We are about to approach the 18-year anniversary of the last technology bubble top during April 2000.
Has it been that long? I remember the IPO party Vodka luges like it was yesterday.
So many investors here in the San Francisco Bay Area are asking if it is time to sell all the stock they own and move to a country without an extradition treaty, like Brazil.
Everyone here feels like they are getting away with murder, making big money for doing nothing.
They remember all too well what happened to those who forgot to sit down last time the music stopped playing.
Fortunes were lost, homes foreclosed, trophy wives went missing, and kids were sent to public school in marginal neighborhoods.
That day is certainly coming.
But not for at least another year, which means that NASDAQ will hit 7,000, 8,0000, and even 10,000 before the fat lady sings.
The moves certainly have been staggering, especially since the beginning of 2016, when the tech melt up started.
Apple, the largest capitalized company in the world, is up exactly 100% during this time, creating a staggering $445 billion in paper wealth.
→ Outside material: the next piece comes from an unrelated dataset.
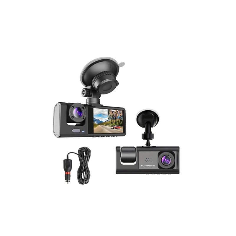 - 【3 Channel Dash Camera Front Rear and Inside】The 3 cameras can monitor the situations of front rear and inside of the car, which really protect driver and passengers' security.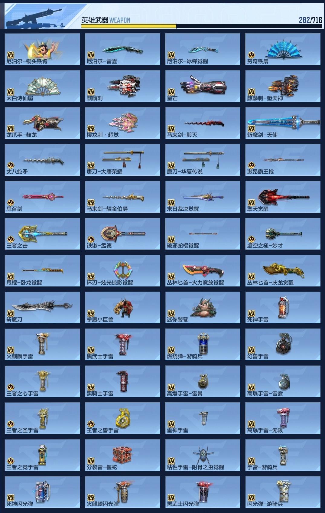 640666 【极品特价狙号-25王者-2至尊1同框-权-慈-幻神套-仁德-常胜-宙斯-5cop-3套王雷-竞技生化双开花】 王者v武器数量25 英雄武器数量282 音效卡数量13 万化数量662 vip等级【文本】vip8级 狙击呛线数量2 消灭音效数量5 游戏等级130 【呛皇】 【支持】 【是】 【可排位】 【可排位】 音效卡13 狙击呛线2 消灭音效5 语音卡6 抛物线8 音效卡:王者之魄-现代战场,王者之影-现代战场,王者之怒-现代战场,王者之神-现代战场,ak47-无影-电音,芭蕾特-毁灭-现代战场,81式-瑜-现代战场,m4a1-仲达-原汁原味,加特林-炼狱-爆竹贺岁,ak47-孟德-现代战场,mk47-鼓龙-嘴炮,m4a1-雷神-电音,ak47-无影-现代战场; 狙击呛线:狙击呛线-螺旋烟雾,狙击呛线-江东骇虎; 消灭音效:消灭音效-赏金猎人,消灭音效-8bit,消灭音效-能量核心,消灭音效-葫芦娃,消灭音效-斩杀; 语音卡:晴雅语音卡,雾萌萌语音卡,雨墨语音卡,蛇精语音卡,葫芦娃语音卡,云悠悠语音卡; 抛物线:抛物线-能量核心,抛物线-字,抛物线-heartshot,抛物线-绿,抛物线-蓝,抛物线-黄,抛物线-粉,抛物线-诸神黄昏;

That's almost a whole country!
Facebook (FB) has gained a breathtaking 118%%, while Amazon (AMZN) has posted an eye popping 220%. Netflix (NFLX) has tacked on an incredible 251%.
It has all created immense wealth for individual investors, especially here in the San Francisco Bay Area, where everybody keeps their entire retirement savings in technology stocks.
No wonder I can't hire a new gardener, nanny, or housekeeper!
You see, it all about the numbers.
For a start, let's compare apples with apples. NASDAQ would have to hit an inflation adjusted 7,196.56 to really get to a new high, and we're not quite there yet.
When the bubble popped last time, NASDAQ traded at a price earnings multiple of 100 times, versus 25 today.
Then it was all about "eyeballs". Now it is about real earnings and cash dividends. Tech was 10% of total market capitalization at the last top, compared to 25% now.
And while some analysts are openly arguing that technology stocks are peaking here, I believe they are only just getting started.
For years, we technology mavens thought "Moore's Law" would drive us out of business by 2020.
This was the mathematical prediction made by Intel founder Gordon Moore that improvements in semiconductor price and performance would reach the limits defined by physics about now.
Instead, the opposite is happening. For the first time in years, manufacturers are raising prices, as chips become more customized and add more value.
The 50-year cycle of ever faster and cheaper chips has at last been broken.
And thanks to the exponential growth of server farms run by Google (GOOG), Amazon (AMZN), Facebook (FB), demand is far outstripping supply.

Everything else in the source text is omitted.